Matt Tenney, Author of Inspire Greatness: How to Motivate Employees with a Simple, Repeatable, Scalable Process
In the 1950s, the average lifespan of the largest US companies (companies listed on the S&P 500 Index) was around 60 years.
Today, Credit Suisse believes that the average life expectancy of S&P 500 companies is about 18 years. Yale professor Richard Foster believes the life expectancy is closer to 15 years.
While one component of the shortened life expectancy is due to increased mergers and acquisitions, another component is the increased speed of change in today’s business environment.
In order to survive, today’s businesses need to make continuous innovation a top priority. One of the most important components of being able to continuously innovate is creating the right workplace culture—a culture in which employees thrive.
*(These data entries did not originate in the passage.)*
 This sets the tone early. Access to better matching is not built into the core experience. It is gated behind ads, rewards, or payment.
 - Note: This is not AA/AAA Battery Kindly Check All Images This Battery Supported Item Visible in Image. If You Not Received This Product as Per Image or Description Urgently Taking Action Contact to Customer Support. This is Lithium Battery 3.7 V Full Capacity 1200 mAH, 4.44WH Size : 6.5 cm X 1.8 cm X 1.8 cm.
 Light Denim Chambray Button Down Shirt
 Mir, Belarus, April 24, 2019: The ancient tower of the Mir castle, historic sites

Culture drives innovation in organizations that thrive by creating an environment in which innovation is a top priority and employees feel valued. Innovation is likely to happen on a consistent basis when employees feel comfortable challenging leaders, challenging the status quo, and running experiments.
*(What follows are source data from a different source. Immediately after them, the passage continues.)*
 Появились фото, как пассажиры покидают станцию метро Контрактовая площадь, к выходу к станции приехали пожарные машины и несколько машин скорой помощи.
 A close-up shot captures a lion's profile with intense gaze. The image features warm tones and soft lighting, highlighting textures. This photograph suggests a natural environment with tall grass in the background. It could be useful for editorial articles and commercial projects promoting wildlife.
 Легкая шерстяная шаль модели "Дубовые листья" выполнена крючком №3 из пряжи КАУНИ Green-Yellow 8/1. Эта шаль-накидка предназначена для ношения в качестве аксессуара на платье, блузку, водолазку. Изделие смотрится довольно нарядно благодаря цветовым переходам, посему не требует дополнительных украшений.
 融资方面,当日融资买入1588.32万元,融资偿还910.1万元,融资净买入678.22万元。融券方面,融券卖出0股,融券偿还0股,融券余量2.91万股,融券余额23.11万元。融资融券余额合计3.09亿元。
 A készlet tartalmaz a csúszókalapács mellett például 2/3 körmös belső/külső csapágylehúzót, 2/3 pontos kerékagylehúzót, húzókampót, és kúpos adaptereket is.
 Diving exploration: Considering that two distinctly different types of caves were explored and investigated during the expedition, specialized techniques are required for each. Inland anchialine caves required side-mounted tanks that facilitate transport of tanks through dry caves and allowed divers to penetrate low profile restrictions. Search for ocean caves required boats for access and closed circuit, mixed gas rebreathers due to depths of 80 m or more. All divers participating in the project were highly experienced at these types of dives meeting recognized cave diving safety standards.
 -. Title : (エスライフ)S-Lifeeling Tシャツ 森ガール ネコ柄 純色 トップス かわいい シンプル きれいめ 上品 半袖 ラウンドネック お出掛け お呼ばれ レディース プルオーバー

In this article, we’re going to explore how organizational culture affects innovation and the key components of an innovation culture.
How An Organization’s Culture Affects Innovation
A farmer cannot make fruit appear on demand.
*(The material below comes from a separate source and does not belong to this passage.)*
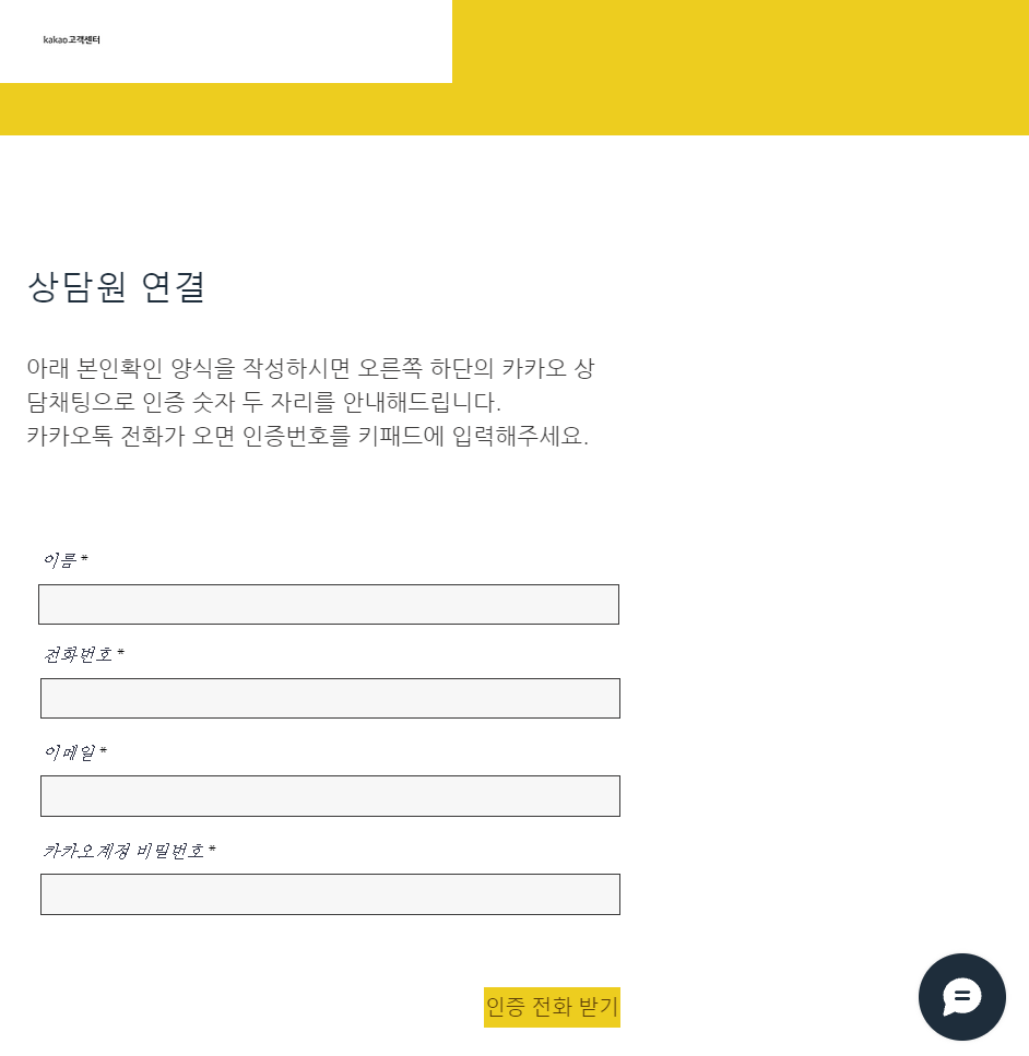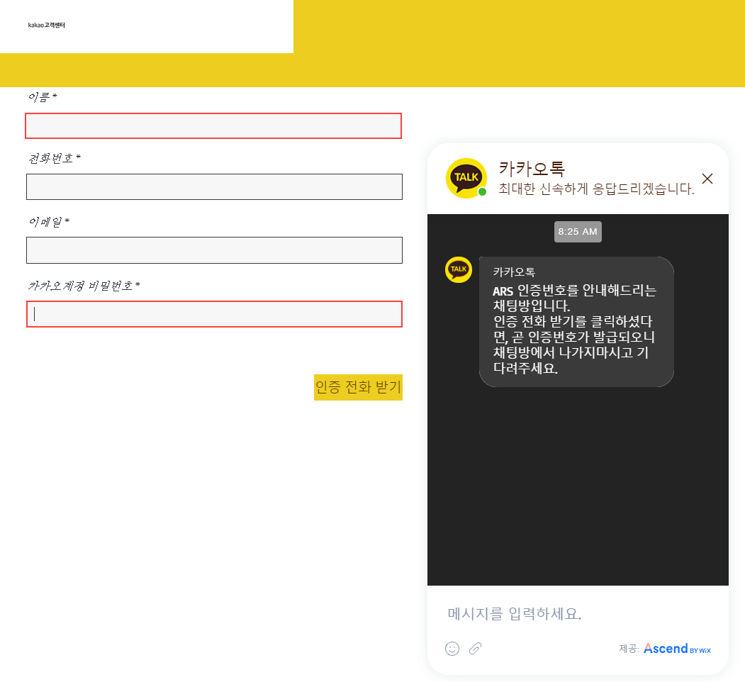 사용자가 상담원 연결란에 이름, 전화번호, 이메일, 카카오계정 비밀번호를 입력 후 인증 전화받기를 누르면 "ARS 인증번호를 안내해드리는 채팅방입니다. 인증 전화받기를 클릭하셨다면, 곧 인증번호가 발급되오니 채팅방에서 나가지마시고 기다려주세요."라는 안내가 뜨며 사용자 정보는 json형태로 공격자 서버로 전송됩니다.

However, a farmer can create the conditions for fruit to appear by engaging in certain practices, like taking care of the soil, planting seeds at the right time, and tending to growing plants.
In the same way, business leaders cannot force innovation to happen, but they can create the conditions for innovation to occur by creating a culture that is highly conducive to innovation.
In fact, research suggests that innovation is highly unlikely to occur in organizations that lack the right culture. As Robert Angel explains, “There is no guarantee that an innovation culture will lead to innovation, but it certainly is a prerequisite.”
In a culture conducive to innovation, the following characteristics are common:
- Innovation is a top priority, so processes are developed to drive innovation.
- There is ample diversity in the organization.
- Leaders identify and take care of high-potential innovators.
- Team members feel safe to challenge management and the status quo.
- Team members feel safe to run experiments that are likely to fail.
In Cultures That Drive Innovation, Innovation Is A Top Priority And There Are Innovation Processes In Place
In organizational cultures where innovation is occurring on a consistent basis, innovation is a top priority.
In addition to devoting appropriate resources to maintaining the current business model, products, and services, these organizations also devote ample resources to uncovering new solutions.
The importance of innovation is discussed frequently, if not ad nauseam, because the leaders of these organizations know that failing to innovate means the organization will not survive for long.
When innovation is a priority, and everyone in the organization is aware of its importance, there tends to be repeatable processes for innovation.
In a study published in MIT Sloan Management Review, the authors point out the necessity for making innovation a priority and having innovation processes in place, and also share the processes found to be common among 30 innovative organizations.
Here, we’ll explore two essential components of the innovation process that many organizations seem to lack.
Idea Generation
First, it is critical to have proven, repeatable processes in place for idea generation.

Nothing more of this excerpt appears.